Friday, March 7, 2008

Delayed Citizenship in Big Brotherland

I am becoming increasingly concerned, distressed and occasionally even distraught over the direction our country is heading--weaving and bobbing towards Big Brotherland where most all people are "presumed potentials" and treated accordingly--potential suspects, potential whack-jobs, potential criminals, potential terrorists, etc--and we are all under constant, perpetually retrievable surveillance (wholesale electronic eavesdropping, videocameras, GPS locators, data mining, data sharing, remote viewing, etc.)

We've allowed terrible changes to our fundamental concepts of national self-defense to occur--if we even suspect we will be harmed in the future by another nation, well then, according to this new concept because there is a "potential harm" we can now simply assert our suspicions of this potential as the central foundation for legitmizing the invasion and occupation of that country.

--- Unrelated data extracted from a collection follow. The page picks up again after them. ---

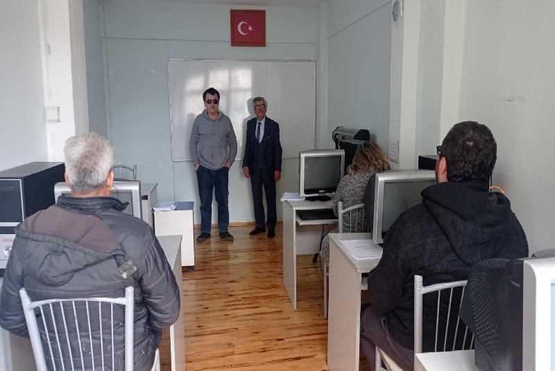 Eğitimler, Halk Eğitim Merkezi öğretmeni Hasret Beslen tarafından Bafra Görme Engelliler Derneği'nde veriliyor.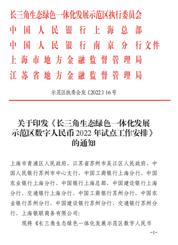 记者今天(7月5日)获悉, 为进一步推进示范区支付一体化和同城化,增强示范区金融活力,推动示范区高质量一体化发展,全力凸显示范区数字人民币试点创新成效,根据上海市、江苏省人民政府和中国人民银行工作部署,示范区执委会联合中国人民银行上海总部、中国人民银行南京分行,上海市地方金融监督管理局、江苏省地方金融监督管理局于近期印发了《示范区数字人民币2022年试点工作安排》,明确了示范区2022年数字人民币创新试点工作场景及任务分工。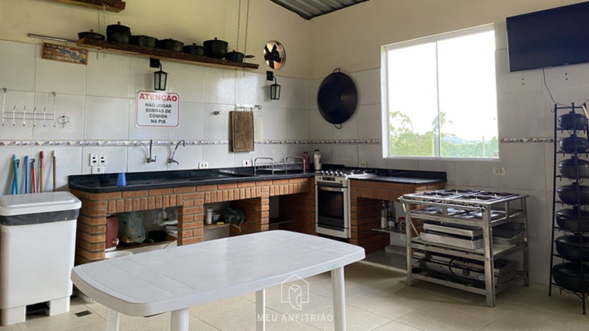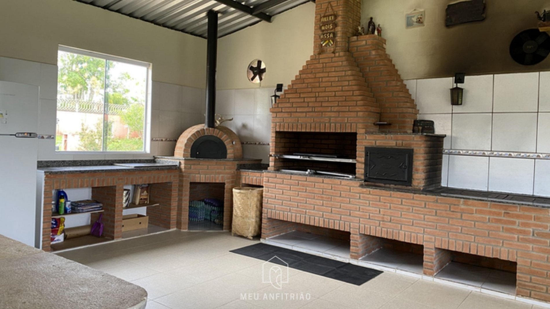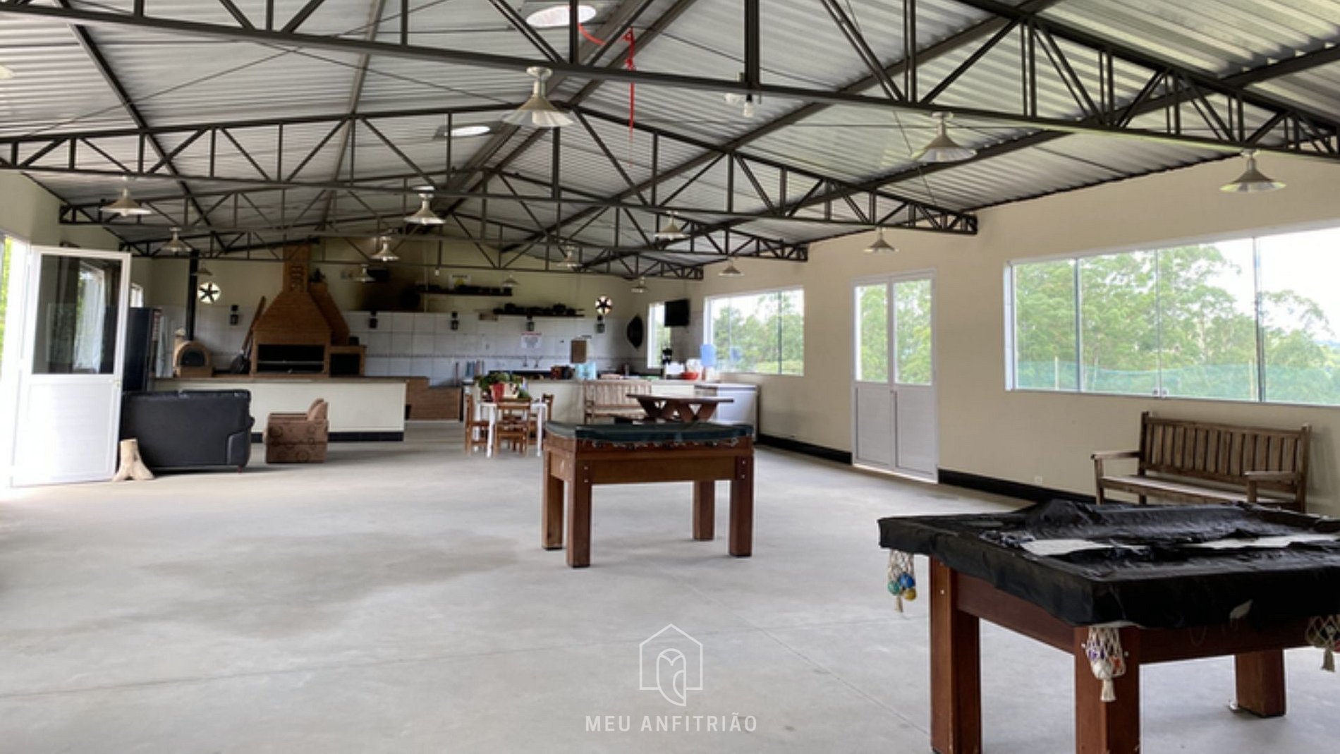 - Salão de festas completo, pensado para reunir família e amigos, com churrasqueira, forno de pizza à lenha, sofás, mesas e cadeiras, além de pebolim e mesa de sinuca para momentos de descontração. O espaço conta ainda com cozinha completa equipada com geladeira, fogão, forno e utensílios necessários para uma estadia confortável.

We are especially suspect of our "potential citizenss" and we fear them. They are highly suspect of being criminals, political subversives or terrorists--especially if English isn't that person's birth tongue. But some "potential citizens" are more suspect than others, even when they share certain cultural traits.


From Votelaw blog:

A lawsuit filed Thursday in a federal court in New York by Latino immigrants seeks to force immigration authorities to complete hundreds of thousands of stalled naturalization petitions in time for the new citizens to vote in November.

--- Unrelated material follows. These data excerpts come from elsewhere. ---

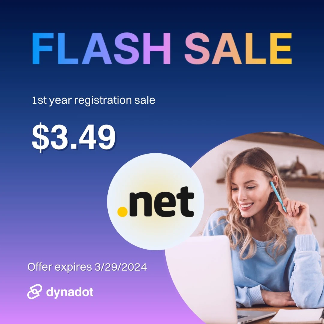 Dynadot正在进行 3.49美元 .NET注册闪购活动,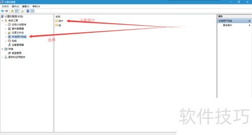 2、 进入计算机管理,依次选择本地用户和组中的用户选项。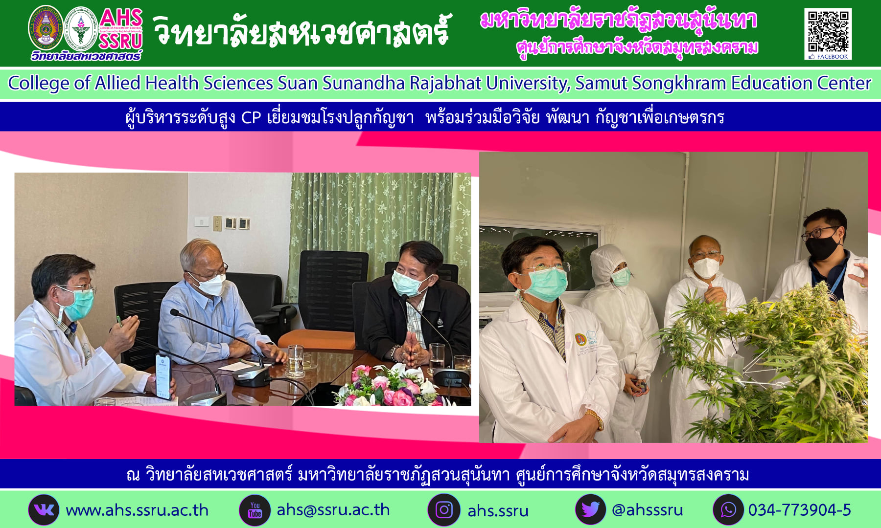 วันที่ 11 มิถุนายน 2564 รองศาสตราจารย์ (พิเศษ) ดร.นพ.ธวัชชัย กมลธรรม ประธานหลักสูตรกัญชาเวชศาสตร์ วิทยาลัยสหเวชศาสตร์ มหาวิทยาลัยราชภัฏสวนสุนันทา ให้การต้อนรับผู้บริหารระดับสูงจาก CP ในโอกาสที่มาเยี่ยมชมโรงปลูกกัญชาในระบบปิด Medical Grade ของวิทยาลัยสหเวชศาสตร์ ศูนย์การศึกษามหาวิทยาลัยราชภัฏสวนสุนันทา จังหวัดสมุทรสงคราม ซึ่งคณะผู้บริหารจาก CP ชื่นชมและยกย่องว่าโรงปลูกกัญชาของวิทยาลัยสหเวชศาสตร์ได้มาตรฐานระดับโลก สามารถนำผลผลิตไปใช้ทำยารักษาโรค และผลิตภัณฑ์เพื่อสุขภาพได้อย่างแน่นอน

The class-action suit was brought by the Puerto Rican Legal Defense and Education Fund on behalf of legal Hispanic immigrants in the New York City area who are eager to vote and have been waiting for years for the federal Citizenship and Immigration Services agency to finish their applications. The suit demands that the agency meet a nationwide deadline of Sept. 22 to complete any naturalization petitions filed by March 26.


Latino groups hope to summon the clout of the federal courts to compel the Bush administration to reduce a backlog of citizenship applications that swelled last year. According to the Migration Policy Institute, a nonpartisan research group in Washington, more than one million citizenship petitions were backed up in the pipeline by the end of December, the majority from Latino immigrants.

Despite protests over the delays from lawmakers, Latino groups and immigrant advocates, the immigration agency is currently projecting wait times of 16 months to 18 months to process the petitions. -- Latinos Seek Citizenship in Time for Voting - New York Times



It's simply not fair that an entire group of immigrants, based solely on their country of origin (read: Cuba) are afforded prompt handling of their citizenship applications, but most other people, even those that have been waiting for YEARS and YEARS and are demonstrably decent people, are being stonewalled.

When white middle class and upper middle class Americans started complaining about not being able to obtain passports so they could leave the US for vacations, well then, our government suddenly relaxed its regulatory procedures that had created a ridiculous application backlog and suddenly found the monies to hire more staff and speed up the process.

I hope the lawsuit is successful and that these deserving people are moved nearer to the front of the line.